The diary describes the narrator’s repeated forays into this frightening terra incognita, each visit representing a major triumph over her overwhelming desire to hide out in her apartment with the curtains drawn.
Mastery of the most trivial routines--using the locker, buying tube socks, or running three consecutive laps around the track--is an event to celebrate, but instead of offering encouragement, the regulars go out of their way to dish out devastating put-downs and back-handed compliments. The outsider’s desperate need to belong is matched by the insider’s equally desperate need to keep others out.
The other stories offer variations on this basic theme: teenage girls imitating the rituals of womanhood, mistresses trying to participate in the life-styles of their uncommunicative lovers sophisticates determined to stay on the cutting edge of fashion.
The title suggests the strong thematic unity of the book: All of Eisenberg’s characters are aliens who struggle, mostly unsuccessfully, with rules they do not understand.

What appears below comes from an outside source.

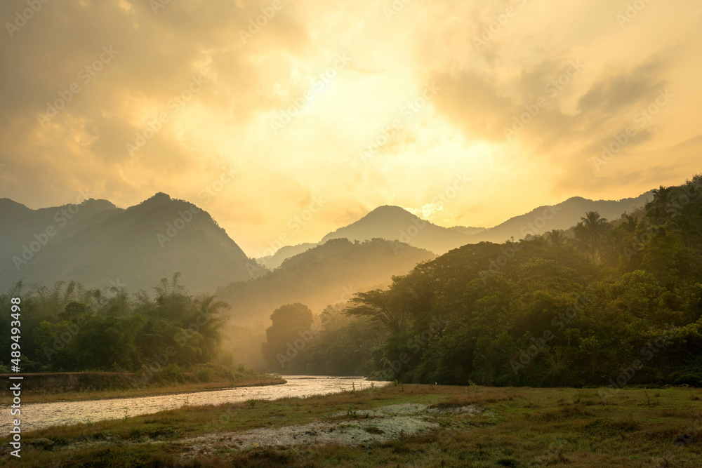 Breath-taking summer sunrise view over the mountains with beautiful lake, Kerala nature scenery image for travel and tourism concept

They are like the helpless tourist who ends up holding out a handful of strange coins to the grinning taxicab driver. While her clean and lucid prose style resembles that of other masters of the modern idiom--Tobias Wolff or Ann Beattie, for example--Eisenberg’s unusually coherent point of view makes this collection a real literary find, and one deserving of the widest possible audience.